On what basis does host canonicalization happen?

Booker Bense bbense at gmail.com
Wed Sep 5 11:41:36 EDT 2012


On Wed, Sep 5, 2012 at 7:33 AM, Michael-O <1983-01-06 at gmx.net> wrote:

> For now, I do not see an alternative to a forward and reverse lookup at
> them moment. Well, isn't Kerberos used in managed environments only
> where only a few have control over DNS entries?

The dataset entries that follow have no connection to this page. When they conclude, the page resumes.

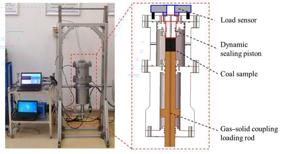 A self-developed three-axis solid–gas coupling test apparatus was used to measure the permeability of the coal under cyclic dynamic and static combined loads, as shown in Figure 1 []. It consisted of four key units: dynamic and static loading unit, three-axis confining pressure unit, fluid injection unit, and information acquisition unit. The challenges of the dynamic–static load combination, high-pressure sealing under dynamic loads, and permeability measurement during the full stress–strain process were solved. The apparatus, through an innovative structural design, incorporated a dynamically sealed piston in conjunction with an integrated loading cylinder, successfully achieving the dynamic and static combined loading of solid–gas coupled coal samples. The calibration of pressure in the experimental equipment was carried out using a high-precision manometer. The calibration pressure range extended from 0 to 60 MPa, and the calibration dynamic load frequency was from 0 to 10 Hz. The accuracy of the permeability measurement was ensured through calibration with a mass flow meter, with a calibration range of 0–50 L/min.
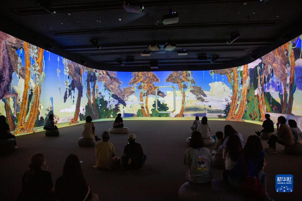 5月18日,游客在韩国首尔国立中央博物馆观看数字沉浸式影像。
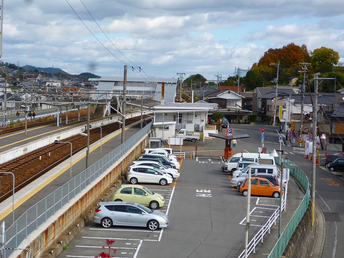 写真中央に山陽本線、茶色の建物は「仁科記念館」。
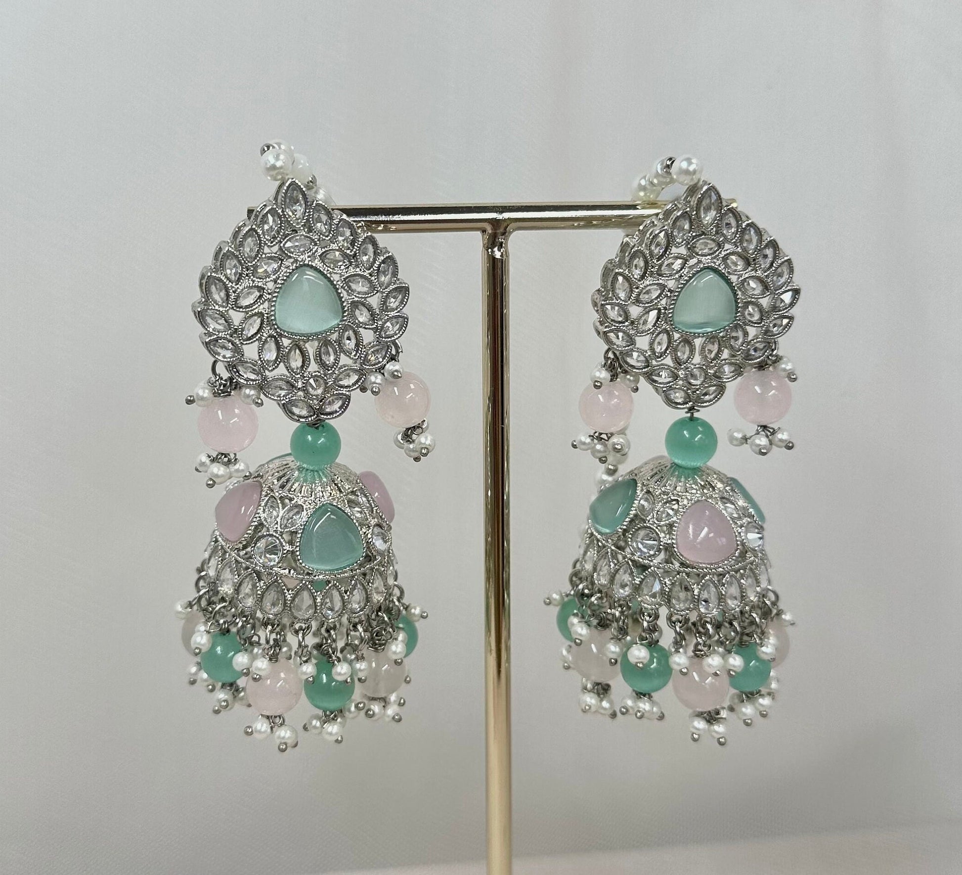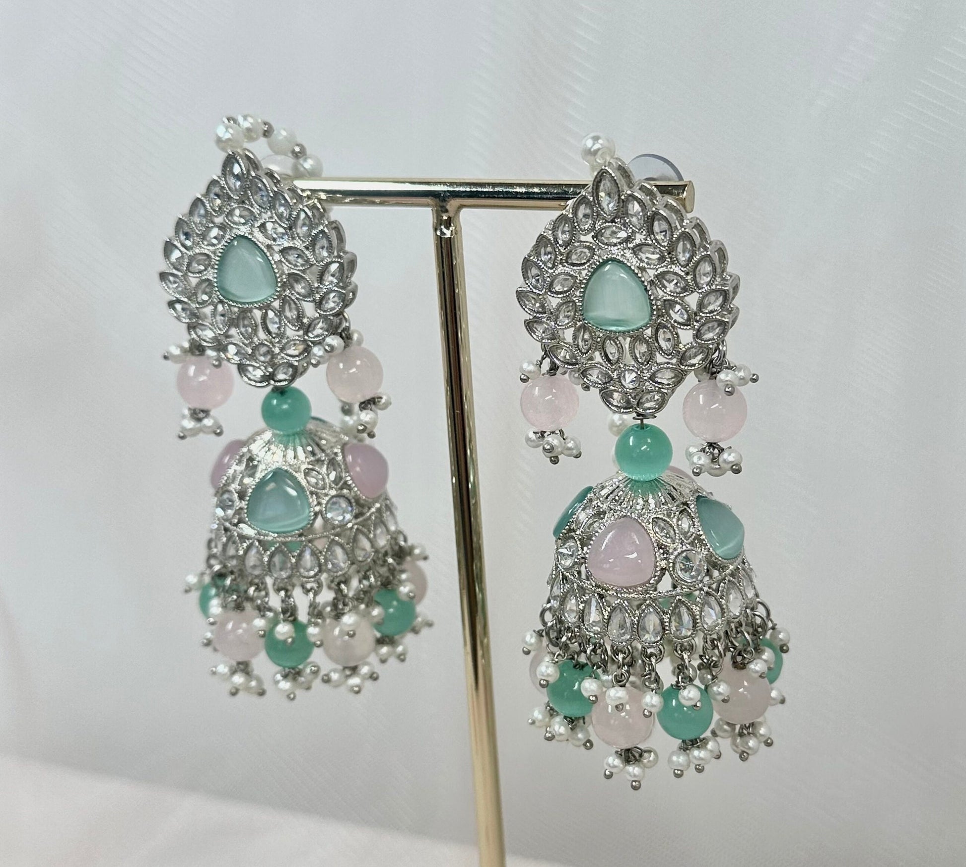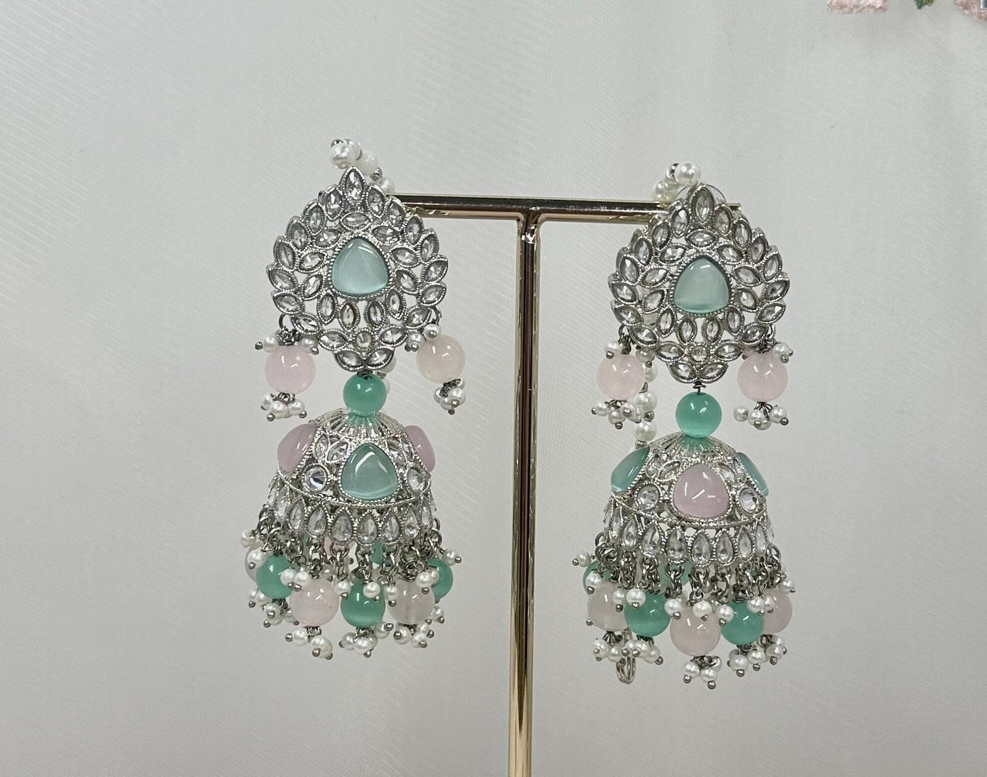 Silver Jhumka Earrings - Mint/Pink/ Indian Style Earring
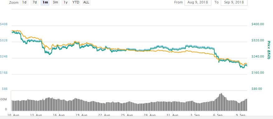 At the same time, Ethereum has had a rough month, having lost around 40 percent of its value in the last thirty days.
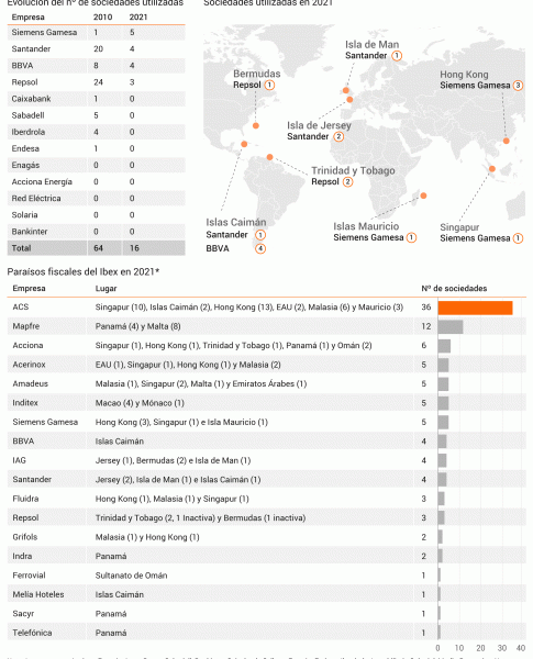 El ranking por número de sociedades en territorios fiscalmente opacos o que tienen la consideración de paraísos fiscales lo lidera actualmente ACS. El grupo que preside Florentino Pérez tiene actualmente un total de 36 sociedades domiciliadas en este tipo de localizaciones. En concreto, cuenta con 13 filiales en Hong Kong, 10 en Singapur, dos en las Islas Caimán, seis en Malasia, tres en Isla Mauricio y otras dos en Emiratos Árabes Unidos, además de distintas sociedades en el Estado norteamericano de Delaware.
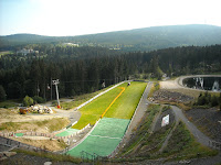 Vanaf de camping ging de route verder door het Fichtelgebergte. We hebben over de eerste paar kilometers bijna 2 uur gedaan. Nee we hadden geen pech, er was geen omleiding of waren we verkeerd gefietst, maar de omgeving was hier zo ontzettend mooi dat we gewoon niet weg wilden uit dit gebied. Het is een klein wintersport gebied waar de uitzichten adembenemend zijn. Met de stoeltjeslift werden de vakantiegangers daar verder omhoog gebracht. Een skischans waar we onderdoor fietsen, man wat is zo'n ding hoog. Je moet er niet aan denken dat je daar vanaf moet op je latten. Maar aan alles komt een einde, zo ook aan dit gebied en we moesten nu wel verder want we hadden vandaag een lange route van 90 km voor de boeg en we waren al een uur te laat vertrokken.
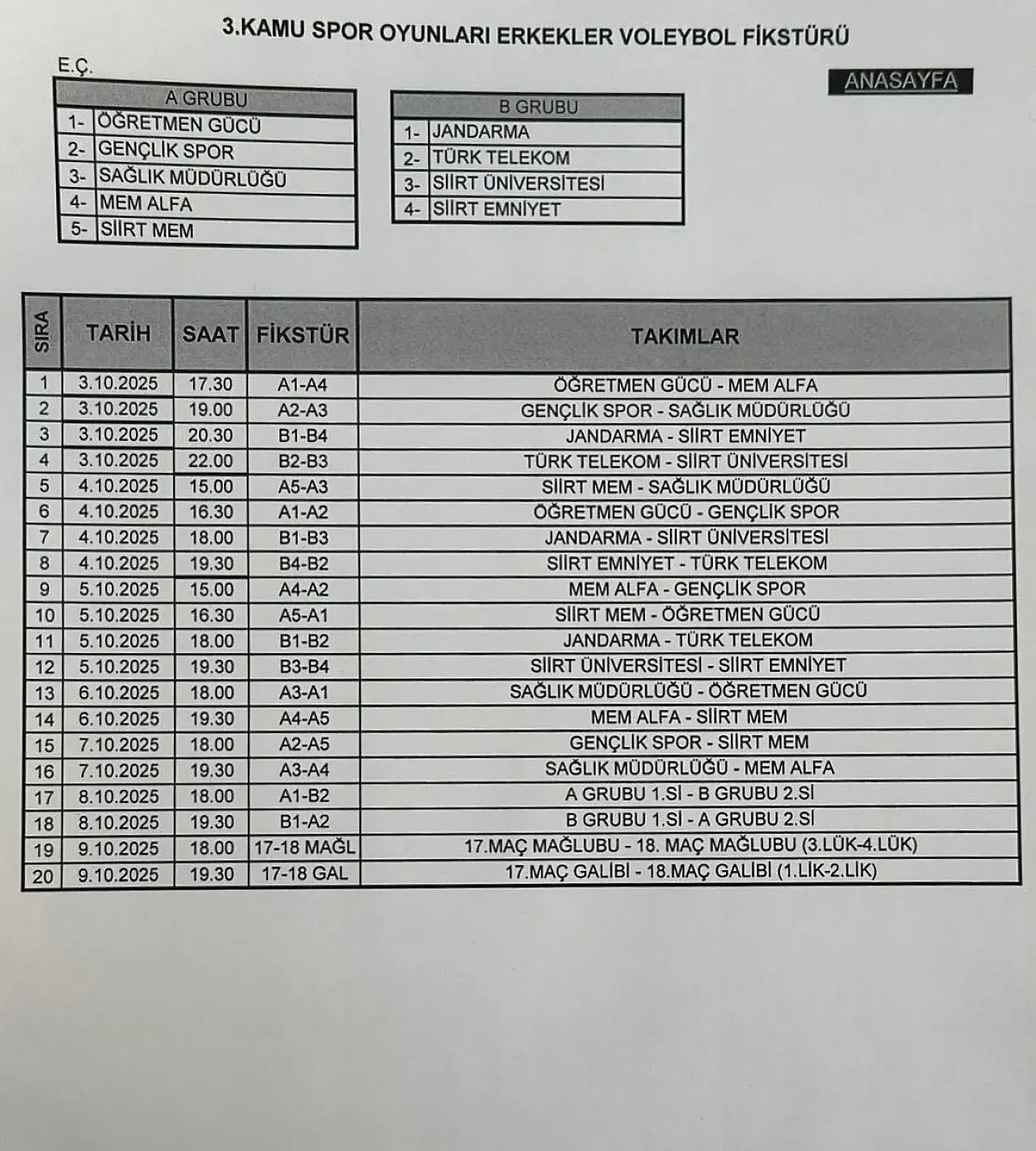 B Grubu: Jandarma, Türk Telekom, Siirt Üniversitesi ve Siirt Emniyet.

In my case I am in an
> huge company with thousands of KDC (Active Directory, namely).
>
> Are the aforementioned quotes a contradiction or simply a not solvable
> problem at the moment?

I would say "simply not a solvable problem with current protocols". In
theory DNSSEC is the way out,
once it is widely deployed.

Kerberos depends on all sides of the protocol knowing the principal names in an
a priori way that is outside the protocol. ( i.e. if you want to talk
to a server, you have
to know the principal to use before you can even begin the
conversation and there is
no way currently in the protocol to discover this. )

So either the KDC re-implements DNSSEC or DNSSEC is widely and
securely deployed.
Kerberos ( and all security protocols ) are ways to extend trust, not
create it and they all require
that you start with some data that you just assert is trustworthy.